=== Section Start ===

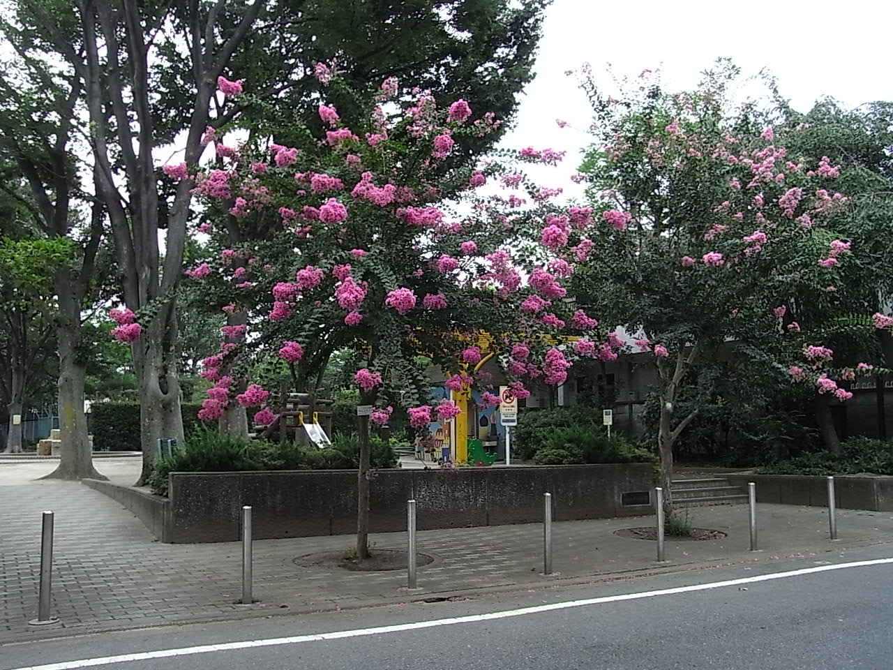 夏になると百日紅の花がきれいですよね。あいにく今は初冬でちょっとさみしいです。アスレチックはまだ健在ですよ。
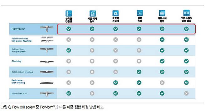 플로우 드릴 스크류(Flow Drill Screw)는 스크류를 건에 장착한 후 순간적으로 일정 압력을 가하여 암 나사를 성형하여 체결하는 방식이다. Pre-drilling 공정이 필요 없으며 생산성 및 작업 효율이 높다는 장점이 있다. 다양한 소재의 이종 접합이 가능할 뿐만 아니라 구조용 접착제와 혼용할 수 있어 매우 활용도가 높다.
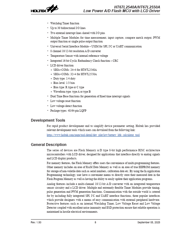 HT67L2550A Key Features
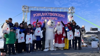 На сцене шла концертная программа - выступления коллективов и исполнителей, викторины и конкурсы от партнеров. В гости с поздравлениями пришел дед Мороз и Снегурочка.
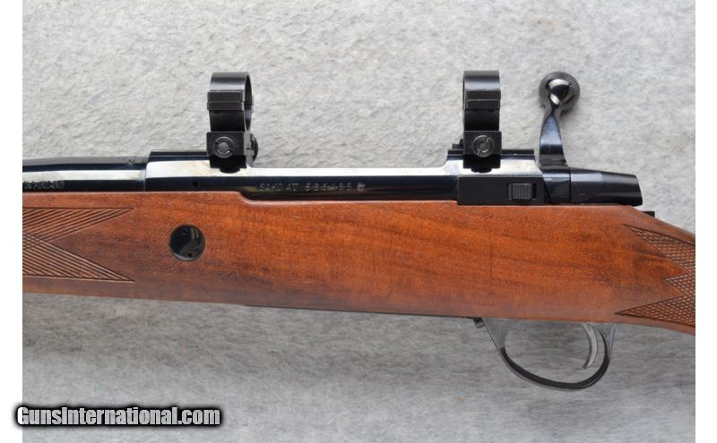 Description: This Sako Model AV is a right hand bolt action rifle in .30-06 Cal. It has a 24 inch barrel. The receiver has an integral scope mount base with rings attached. No iron sights. The stock is a checkered walnut pistol grip with a raised cheekpiece. It has a knurled bolt handle. This excellent caliber makes a very nice big game rifle and is in excellent condition. SOLD Caliber Info: .30-06 Cal. Chambers: Bolt Action 4+1 with a floorplate. Metal Condition: Excellent with a couple of minor handling marks. Wood Condition: Excellent with a couple of minor handling marks. Bore Condition: Excellent. Barrels: 24 inch gloss blue. Triggers: Grooved. Stock: Checkered walnut pistol grip with a raised cheekpiece. Stock Dimensions: LOP 13 3/4 inches. Fore End: Checkered grip walnut. Butt Pad: Sako brown rubber recoil pad. Weight: 8 lbs. 2 oz. Sights: Scope rings attached. No iron sights. Extras: Sling swivel studs. Item Location: East Grand Forks, MN |

=== Section End ===

▶ _EXERCISE DESCRIPTION_
What is needed is an exact copy of every record above, minus the images.

▶ _RESULT OF THIS EXERCISE_
 夏になると百日紅の花がきれいですよね。あいにく今は初冬でちょっとさみしいです。アスレチックはまだ健在ですよ。
 플로우 드릴 스크류(Flow Drill Screw)는 스크류를 건에 장착한 후 순간적으로 일정 압력을 가하여 암 나사를 성형하여 체결하는 방식이다. Pre-drilling 공정이 필요 없으며 생산성 및 작업 효율이 높다는 장점이 있다. 다양한 소재의 이종 접합이 가능할 뿐만 아니라 구조용 접착제와 혼용할 수 있어 매우 활용도가 높다.
 HT67L2550A Key Features
 На сцене шла концертная программа - выступления коллективов и исполнителей, викторины и конкурсы от партнеров. В гости с поздравлениями пришел дед Мороз и Снегурочка.
 Description: This Sako Model AV is a right hand bolt action rifle in .30-06 Cal. It has a 24 inch barrel. The receiver has an integral scope mount base with rings attached. No iron sights. The stock is a checkered walnut pistol grip with a raised cheekpiece. It has a knurled bolt handle. This excellent caliber makes a very nice big game rifle and is in excellent condition. SOLD Caliber Info: .30-06 Cal. Chambers: Bolt Action 4+1 with a floorplate. Metal Condition: Excellent with a couple of minor handling marks. Wood Condition: Excellent with a couple of minor handling marks. Bore Condition: Excellent. Barrels: 24 inch gloss blue. Triggers: Grooved. Stock: Checkered walnut pistol grip with a raised cheekpiece. Stock Dimensions: LOP 13 3/4 inches. Fore End: Checkered grip walnut. Butt Pad: Sako brown rubber recoil pad. Weight: 8 lbs. 2 oz. Sights: Scope rings attached. No iron sights. Extras: Sling swivel studs. Item Location: East Grand Forks, MN |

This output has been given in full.